> About this exercise:
The line holding "Opdag en kreativ" is the last one to output; start at the first line of the data, keep every line in between exactly, and leave out pictures.

> Raw data:

BEGIN

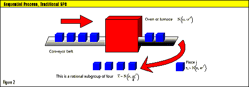 The rational subgroup should be a random sample of the process’s overall performance. A sample of four pieces from a batch is not a sample of the overall process; it’s a sample of one batch and reflects only the within-batch variation, or batch uniformity. A batch or run, not a single part, counts as one independent measurement of the overall process (see Figure 1). If, however, the pieces go through a furnace on a conveyor belt, each piece is an independent measurement of the overall process (see Figure 2). N(u, sigma-squared) means “normal distribution with mean u and variance sigma-squared.” Under these conditions, traditional SPC should work properly.
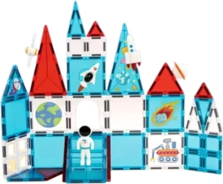Opdag en kreativ verden med magnetiske byggesæt inspireret af rummet. Stærke magneter sikrer stabile konstruktioner, de mange former fremmer kreativitet, logisk tænkning og finmotorik. Sættet med 58 dele, inklusiv astronaut, raket og dekorative fliser, lader børn skabe fantastiske rumstationer og fartøjer.
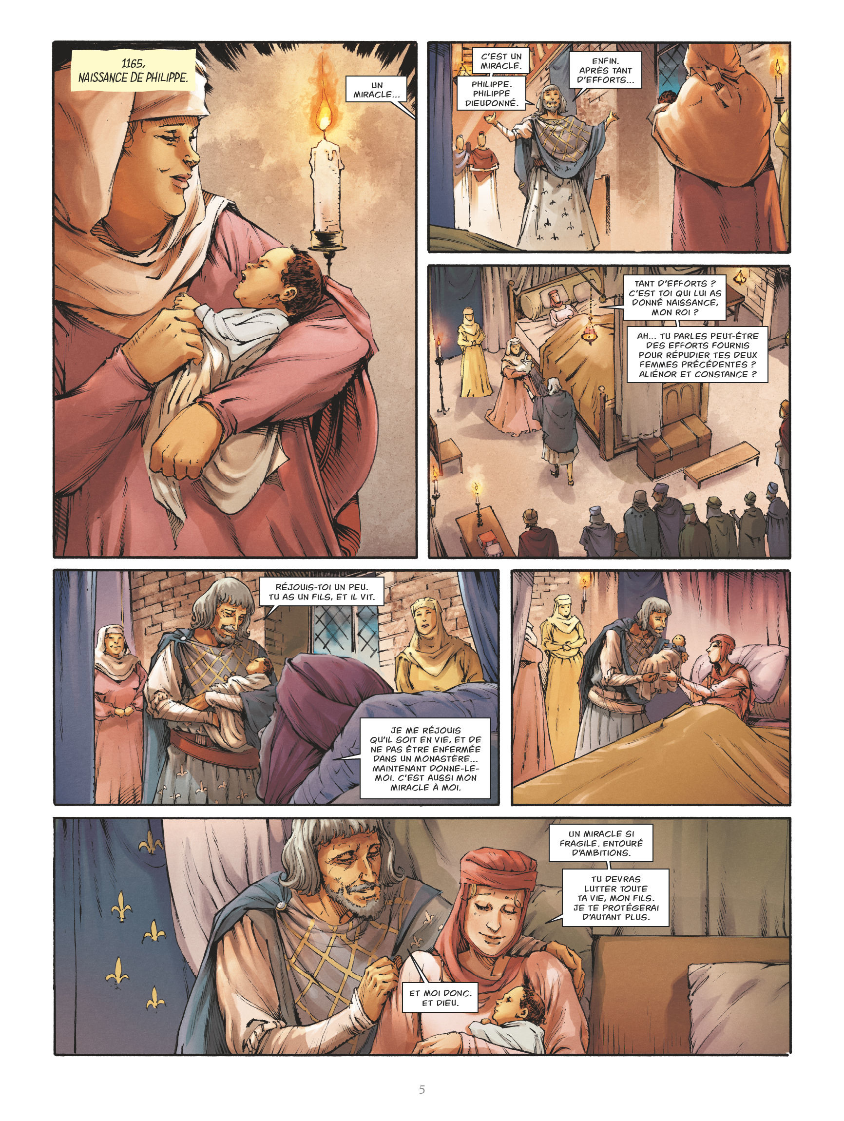 À sa naissance en 1165, Philippe II est accueilli comme un véritable miracle par son père Louis VII déjà âgé de 45 ans. En grandissant, il apprend ce qui structure le rôle d’un roi : le système féodal et l’idéal chevaleresque. Mais il découvre également les rapports ambigus faits de respects et de défis qu’entretient son père avec Henri II, roi d’Angleterre et d’Aquitaine. À son accession au pouvoir, dès l’âge de 15 ans, il entreprend de réformer en profondeur le royaume mettant fin à l’époque féodale tandis que perdure La rivalité avec le souverain anglais. D’autant que Philippe surnommé « Auguste » découvre avec le fils d’Henri II un adversaire de choix : le célèbre Richard Ier, héros des Croisades, surnommé « Cœur de Lion ».

END

> Output for this task:
 The rational subgroup should be a random sample of the process’s overall performance. A sample of four pieces from a batch is not a sample of the overall process; it’s a sample of one batch and reflects only the within-batch variation, or batch uniformity. A batch or run, not a single part, counts as one independent measurement of the overall process (see Figure 1). If, however, the pieces go through a furnace on a conveyor belt, each piece is an independent measurement of the overall process (see Figure 2). N(u, sigma-squared) means “normal distribution with mean u and variance sigma-squared.” Under these conditions, traditional SPC should work properly.
Opdag en kreativ verden med magnetiske byggesæt inspireret af rummet. Stærke magneter sikrer stabile konstruktioner, de mange former fremmer kreativitet, logisk tænkning og finmotorik. Sættet med 58 dele, inklusiv astronaut, raket og dekorative fliser, lader børn skabe fantastiske rumstationer og fartøjer.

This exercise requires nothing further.